Он ощутил тревогу, пришедшую из ниоткуда. С каждой секундой это чувство растёт, пленяя сознание и спутывая все мысли. Мужчина поднял свой взгляд, когда из узких готических окон вдоль всего зала стал литься странный, красный свет, полосуя пространство. Сначала он пропустил мысль, что это лишь свет от заката. В этом месте легко потерять счёт времени, но красный свет становится всё ярче и ярче, а буря в душе мужчины сильнее.

- Нет, - сошёл тихий, немного охрипший голос с его уст, - Этого не может быть... Это не может быть она... Это фантазия, мираж..., - начал нашёптывать, силясь себя убедить в том, что всё, что он видит лишь плод искалеченного сознания.

Руки на подлокотниках трона стали едва заметно дрожать, а взгляд мужчины становился всё более поражённым. Красное свечение не исчезает, льётся лучами из узеньких окон, окрашивая алыми полосами белые полы тронного зала, в свете которых ниспадающие вниз снежинки сверкают, как маленькие кристаллы.

Минута, две, три, десять... Он пытался себя убедить, что всё происходящее – лишь иллюзия, фантом из прошлых жизней. Но время идёт, а фантом не исчезает. Сердце бьёт набатом в груди, обострённые чувства кричат, что происходящее не иллюзия, это происходит на самом деле.

- Этого просто не может быть! – вскрикивает мужчина в пустоту, его голос утихающим эхом возвращается обратно. Он срывается с места, буквально перелетая ступени, ведущие к трону, и быстрым шагом направляется к высокой двери, противоположной престолу. Буря вокруг замка утихает, подчиняясь мысли Повелителя, и свет из окон тот час становится ярче, а тревога мужчины – сильнее. Когда он скорым шагом пересёк половину зала, поддался эмоциям и сорвался на бег. Игнорируя слабость в теле, он приближается к последней преграде, что, открывшись, должна разрушить или подтвердить его мысли.Дрожащие руки с силой толкнули обмёрзшую двустворчатую дверь, и она распахнулась, громко ударяясь о внешнюю сторону стен. Весь зал, что был лишь исполосован красными лучами, полностью залился алым цветом. Глядя во все глаза на карминовое небо, мужчина затаил дыхание. Было трудно сделать хотя бы ещё шаг, чтобы не свалиться на колени от подступившей слабости и вихря эмоций в душе.
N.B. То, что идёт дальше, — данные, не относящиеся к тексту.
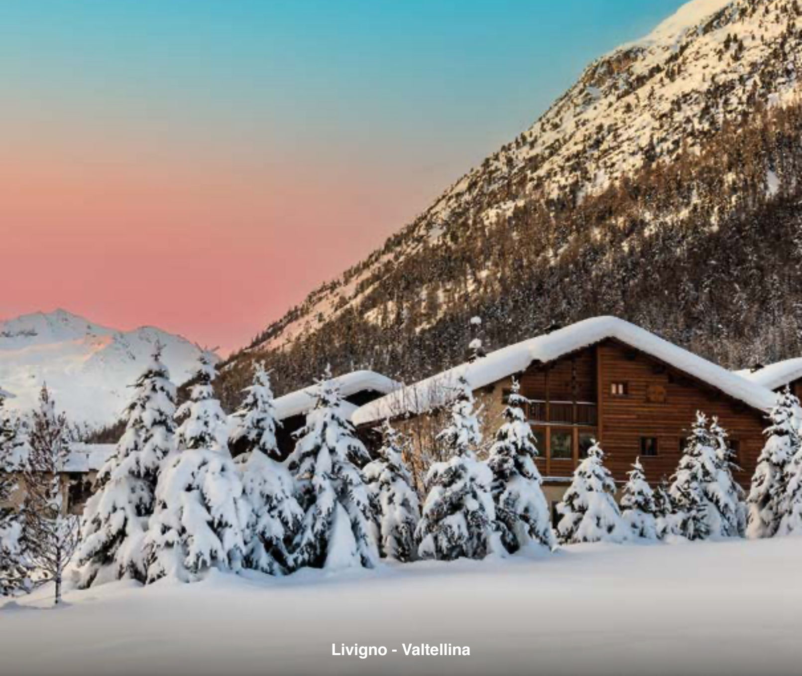
Livigno - Valtellina

Во власти Повелителя Белого замка сотворить нечто подобное, что вселило бы ужас в сознание любого живого существа, но его сила давно стала иссякать, а потому, то, что происходит сейчас, не было плодом его влияния и мысли. Издав тихий вздох, мужчина рухнул на колени, не отрывая взгляда от Луны. Его алебастровые одежды в её свете обратились красными, словно пропитались кровью. Его руки, прижатые ладонями к груди, словно силясь удержать обезумевшее сердце, мелко дрожат.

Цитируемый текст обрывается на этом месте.